Pakistan’s leaders continue to pat themselves on the back for playing a role in fostering the February 2020 agreement between the US and the Taliban and facilitating the current attempts at an intra-Afghan dialogue. The mantra beloved of our leaders of supporting an “Afghan-led, Afghan-owned” peace process translates in critics’ mind as a ‘Taliban-led, Afghan government-owned (under duress, mind)’ one.
If we blow away the chaff surrounding the issue, it seems clear that the Taliban are clearly dictating terms relentlessly, relying on their control of a claimed 50 percent of the countryside. They are faithfully following Mao Tse Tung’s dictum “Political power grows out of the barrel of a gun.” The rest is political-diplomatic camouflage. The US has been defeated in Afghanistan after incurring heavy losses of life, money, and credibility. They have turned to negotiations in the hope of a face-saving extrication from the longest war the US has ever fought, with the Trump administration hoping for a breakthrough that will impact the presidential election in November 2020. In the process, their spokesmen, such as Secretary of State Mike Pompeo, have admitted failure in their ‘nation-building’ ambition. It was never more than imperial hubris that persuaded Washington that it could invade and occupy developing countries and mould them in its own image. This imposed, inorganic effort did not succeed in Afghanistan, Iraq, or Libya. No wonder US President Donald Trump has resurrected the critique of the military-industrial complex that is the stoker of foreign wars, as former US President Eisenhower had warned long ago.
To allay fears regarding what will follow after a complete US withdrawal, the Americans revert every now and again to the ‘conditions’ they have laid down.
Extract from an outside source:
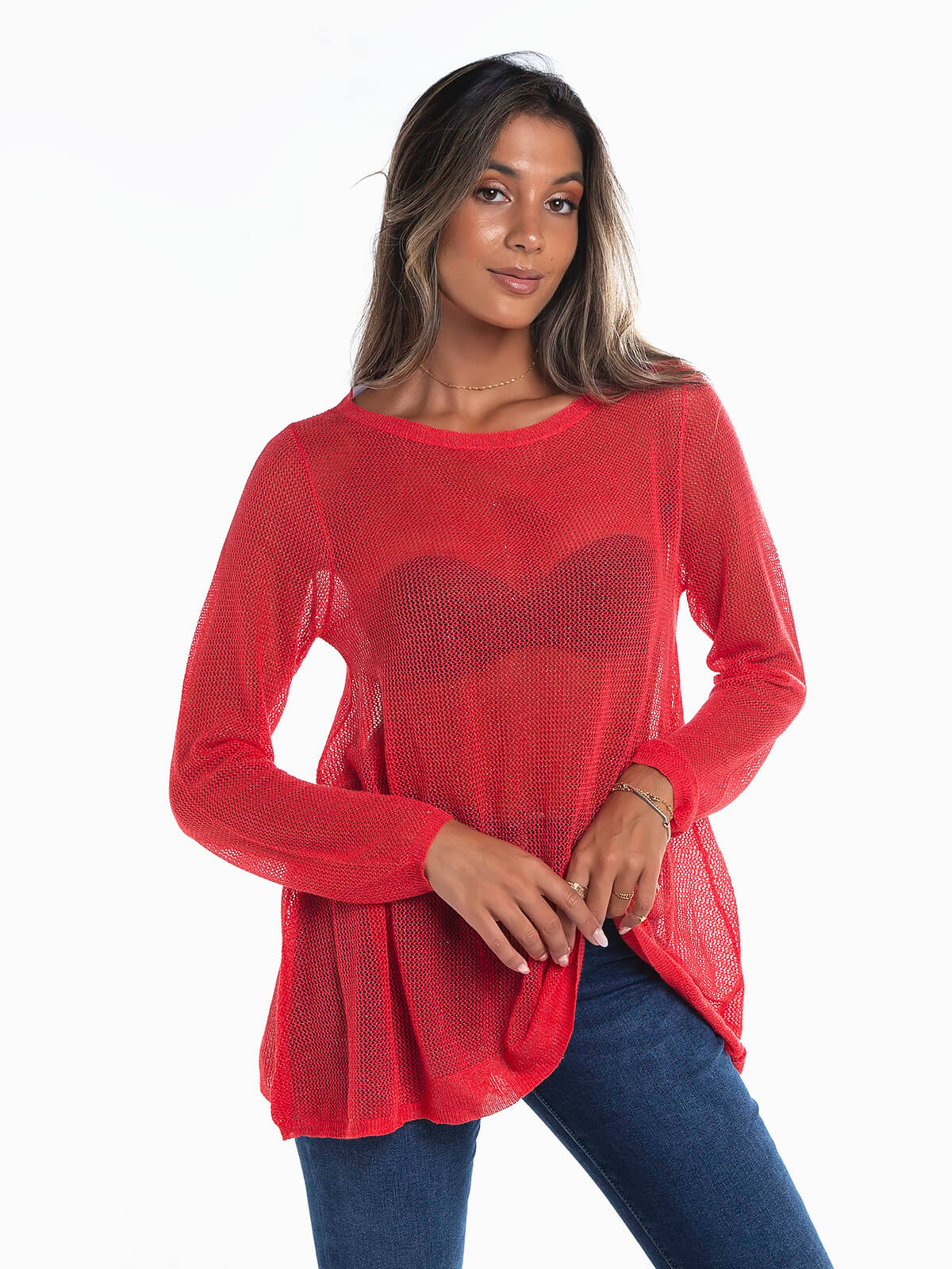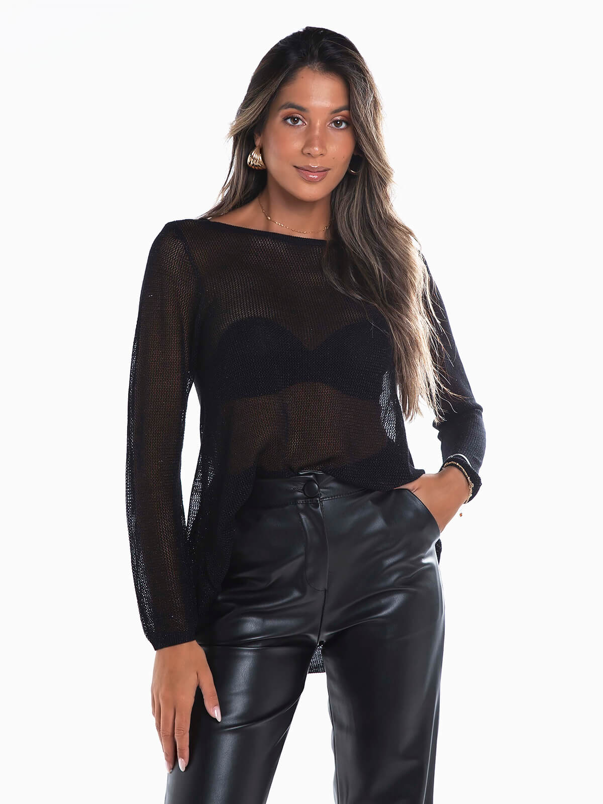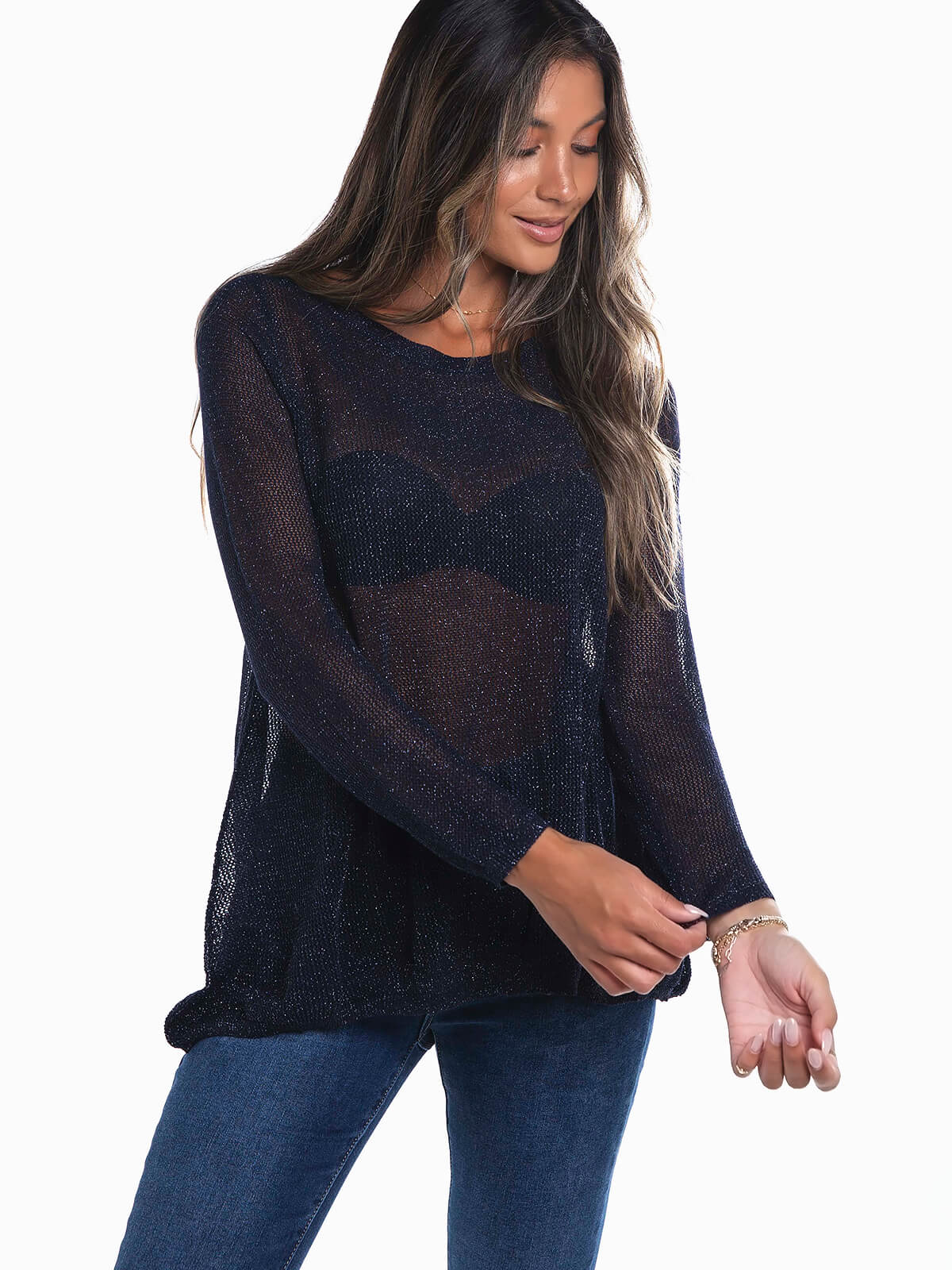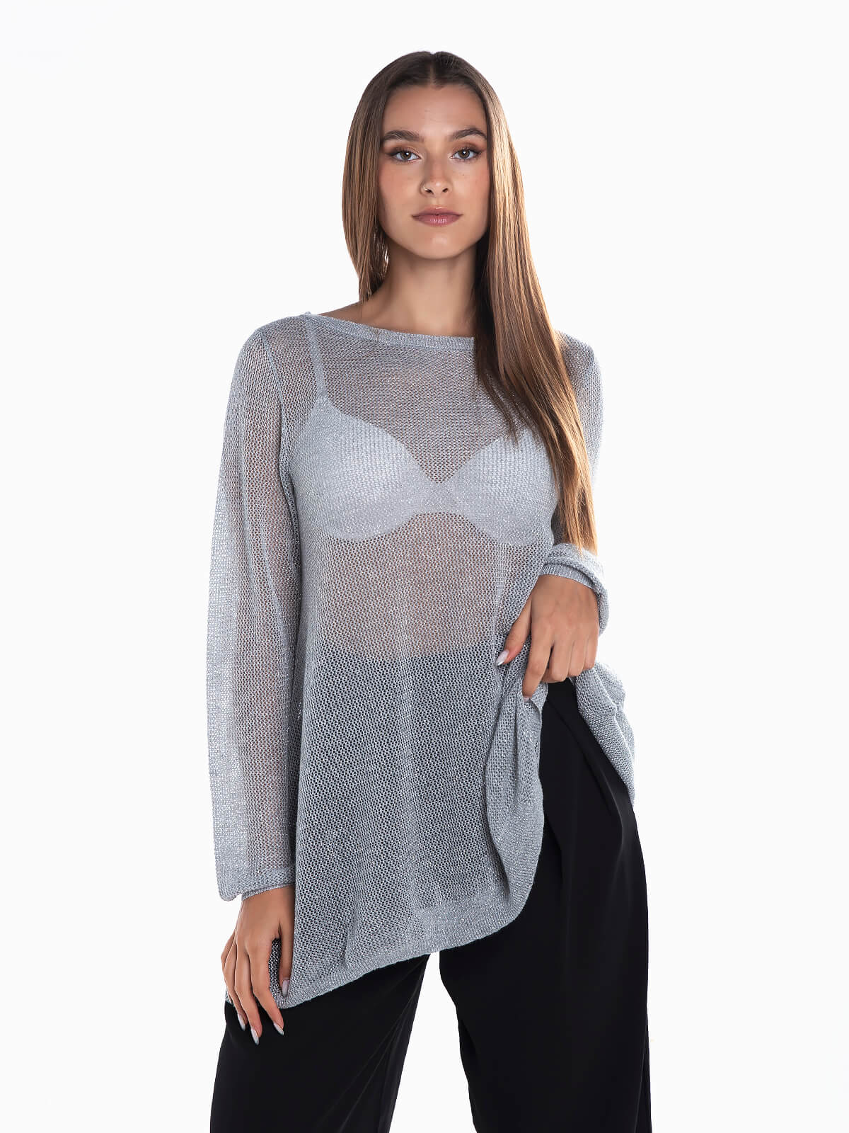 Camisola de malha rendilhada com fios lurex para efeito brilhante. Camisola de manga comprida com decote redondo. Corte comprido.

One such important one from the US’s point of view, was the commitment by the Taliban that they would severe ties with al Qaeda to prevent a repeat of Afghan soil being used for attacks against the US or its allies, a la 9/11. But a recent report by the UN reveals that these ties have not been broken and al Qaeda continues to operate in a number of Afghan provinces.
With the best goodwill and intentions in the world, no flight of imagination can convince one that the Taliban, holding all the cards as they do, are negotiating anything other than a US withdrawal, after which the Afghan government may prove a sitting duck. Its ability to resist and survive the likely offensive by the Taliban once the foreign forces are out of the way is already questionable. Given the US defeat, it is difficult to envisage any country being in a position to bolster the Afghan government. Another abandonment of Afghanistan, a la post-Soviet withdrawal in 1989, seems likely.
If Islamabad is having difficulty hiding its crowing at the victory of its creation the Taliban, it should pause and reflect. A Taliban victory in Afghanistan refreshes concerns regarding the Pakistani Taliban sheltering on Afghan soil along the poorly policed border with Pakistan. It should not be forgotten that the folly of fostering local Taliban during the Afghan wars eventually forced their erstwhile patrons to conduct massive military operations against them, which seriously wounded the snake and forced it to retreat across the border, without having scotched it. Such unthinking follies have been the hallmark of our Afghan policy for decades. One fears fresh problems of security along the border and the postponement of any return of the remaining Afghan refugees if and when a fundamentalist Taliban regime is once again in control of Afghanistan.